The PFA algorithm is a durable SAR imaging algorithm with the advantages of being simple and efficient, particularly suitable for small scenes, high-resolution imaging and the like, data are stored in a polar coordinate format, RCM of a scattering point at a non-scene center can be partially eliminated except that RCM of a scene center is completely offset, interpolation needs to be carried out on an image before formatting in the processing process, and calculated amount is increased.
Disclosure of Invention
In view of the above disadvantages of the prior art, an object of the present invention is to provide a radar imaging optimization method based on a polar coordinate format, which has an imaging effect similar to that of a BP algorithm and has a lower calculation amount compared to the BP algorithm.
In order to achieve the technical purpose, the invention is realized by adopting the following technical scheme.
A radar imaging optimization method based on a polar coordinate format comprises the following steps:
step 1, radar echo signal data are obtained, the radar echo signal data are two-dimensional matrixes and are recorded as nrn multiplied by nan dimensional matrixes to be processed S, fast Fourier transform FFT processing is carried out on the nrn multiplied by nan dimensional matrixes to be processed S according to columns, and then radar echo signal data matrixes processed through FFT processing according to the columns are obtained;
wherein nrn represents the number of range direction sampling points of the radar echo signal data, and nan represents the number of azimuth direction sampling points of the radar echo signal data; nrn and nan are each positive integers greater than 0;
step 2, calculating to obtain a reference signal vector S according to radar echo signal dataref;
Step 3, distance pulse pressure processing is carried out on the radar echo signal data matrix after FFT processing according to the columns, and then a radar echo signal data matrix after distance pulse pressure is obtained, wherein the radar echo signal data matrix after distance pulse pressure is an nrn multiplied by nan dimensional matrix;
initializing, constructing an M multiplied by N dimensional scene, wherein the M multiplied by N dimensional scene comprises M multiplied by N points, and the coordinate of the ith point is marked as (α)l,βl),l=1,2,...,M×N,αlIndicating the distance of the ith point in the M × N dimensional scene in a polar coordinate, β l indicating the angle of the ith point in the M × N dimensional scene in the polar coordinate, wherein the initial value of l is 1, and M, N are positive integers greater than 0 respectively;
step 4, calculating a compensation phase factor phi corresponding to the coordinate of the ith point (α)l,βl) Then, nrn × nan data in the radar echo signal data matrix after pulse pressure are multiplied by the phase compensation factor phi corresponding to the coordinate of the point I (α)l,βl) Then, point-by-point accumulation is carried out, and coordinates in the scene with the dimension of M multiplied by N are obtained (α)l,βl) Amplitude value S offinal(αl,βl);
Step 5, adding 1 to l, and repeatedly executing step 4 until obtaining coordinates in the scene with the dimension of M multiplied by N (α)M×N,βM×N) The magnitude of the scene, and coordinates in the M × N-dimensional scene obtained at this time (α)1,β1) To coordinates in an M x N dimensional scene (α)M×N,βM×N) The amplitude value is recorded as the final SAR image SfinalThe final SAR image SfinalIs an M × N dimensional matrix.

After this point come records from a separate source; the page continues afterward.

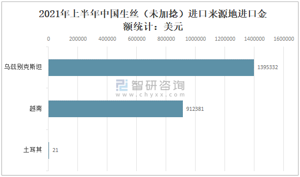 從進口來源國家/地區(qū)來看,2021年上半年中國從烏茲別克斯坦進口生絲(未加捻)的進口金額為1395332美元;從越南進口生絲(未加捻)的進口金額為912381美元;從土耳其進口生絲(未加捻)的進口金額為21美元。
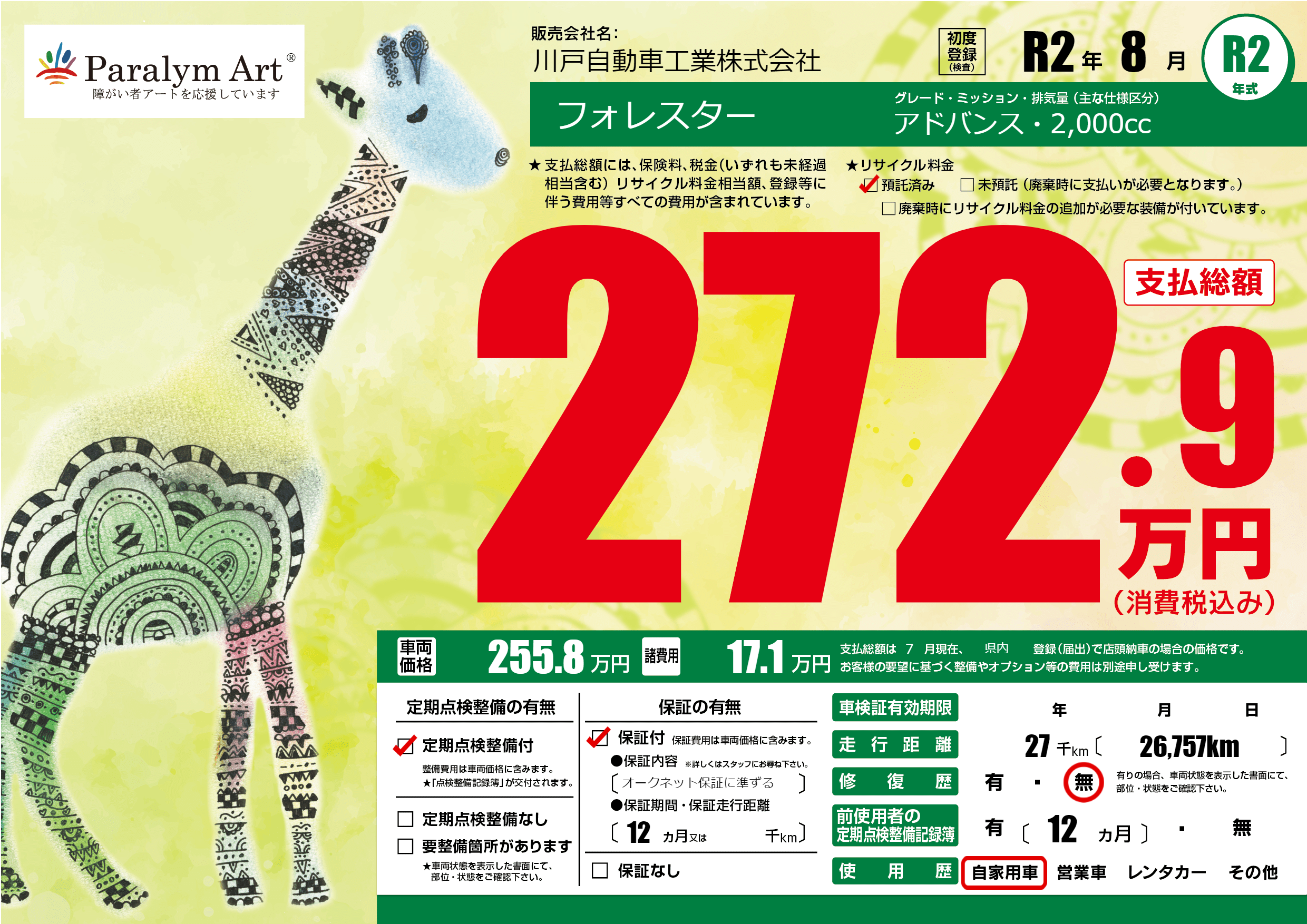 | 走行キロ | 2.7万km | ||
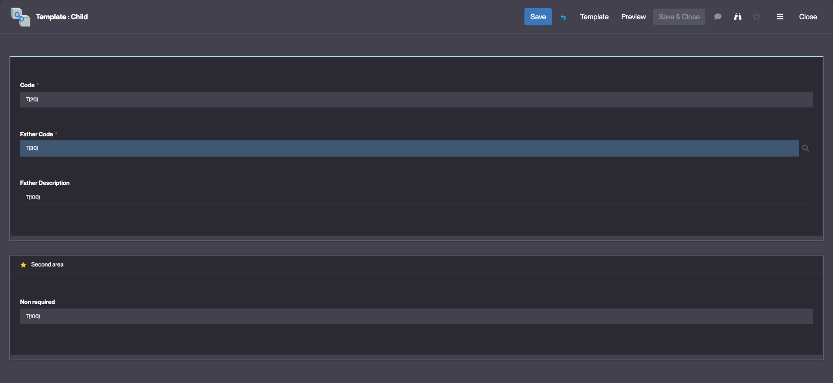 Les deux field area de l’objet Child sont bien visibles.
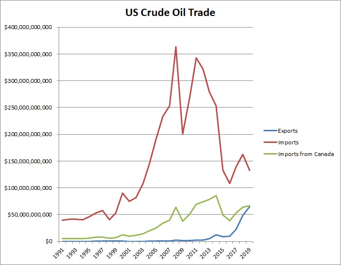 How much oil does the US import? Do they export any? The answer to those questions will determine how world oil prices will affect them. I thought they wanted self sufficiency so they couldn't be held hostage by foreign oil? Canada is the one getting kicked ibn the nuts while they are already down! And there's nothing they can do about it.

The invention has the beneficial effects that: the method has small geometric distortion, adopts two-dimensional FFT to replace interpolation operation for the image before polar coordinate formatting, greatly reduces the calculated amount of the algorithm, simultaneously has no loss of resolution ratio in a polar coordinate system of the method, has low correlation degree among expansion forms of the images, is beneficial to parallel realization, and has imaging quality comparable to that of a BP algorithm.
Drawings
The present invention will be described in further detail with reference to the accompanying drawings and specific embodiments.

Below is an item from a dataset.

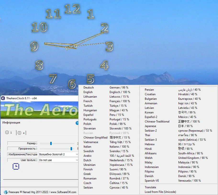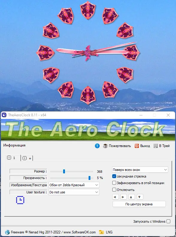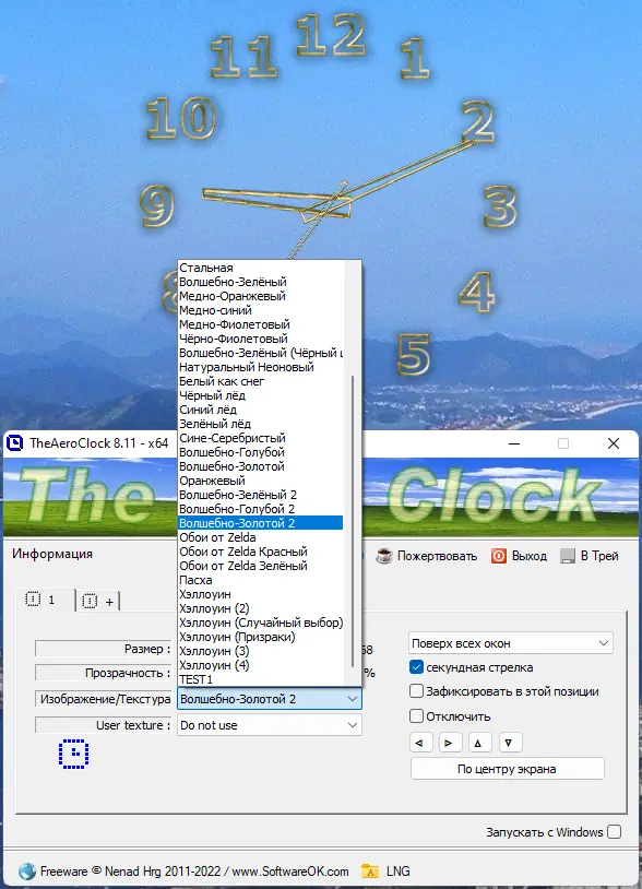 TheAeroClock представляет собой удобный виджет для отображения текущего времени на рабочем столе. Он отличается простотой настройки и высокой степенью кастомизации, позволяя изменять текстуру циферблата, фактуру, размеры и прозрачность. Благодаря возможности закрепления положения часов, пользователь может настроить их так, чтобы они всегда оставались в одном месте, не мешая работе. Программа подходит для тех, кто ищет альтернативные решения для отображения времени и хочет сделать интерфейс более индивидуальным.

FIG. 1 is a flow chart of a polar coordinate format-based radar imaging optimization method of the present invention;
FIG. 2 is a graph of imaging results obtained using the method of the present invention;
FIG. 3 is a graph of measured data imaging results of the present invention.
Detailed Description
Referring to fig. 1, it is a flowchart of a radar imaging optimization method based on polar coordinate format according to the present invention; the radar imaging optimization method based on the polar coordinate format comprises the following steps:
step 1, radar echo signal data are obtained, wherein the radar echo signal data are two-dimensional matrixes and are recorded as an nrn multiplied by nan dimensional matrix S to be processed, the nrn multiplied by nan dimensional matrix S to be processed is subjected to column-based Fast Fourier Transform (FFT) processing, namely, each row of the nrn multiplied by nan dimensional matrix S to be processed is respectively subjected to FFT processing, and then a radar echo signal data matrix after the column-based FFT processing is obtained; wherein the radar is a Synthetic Aperture Radar (SAR).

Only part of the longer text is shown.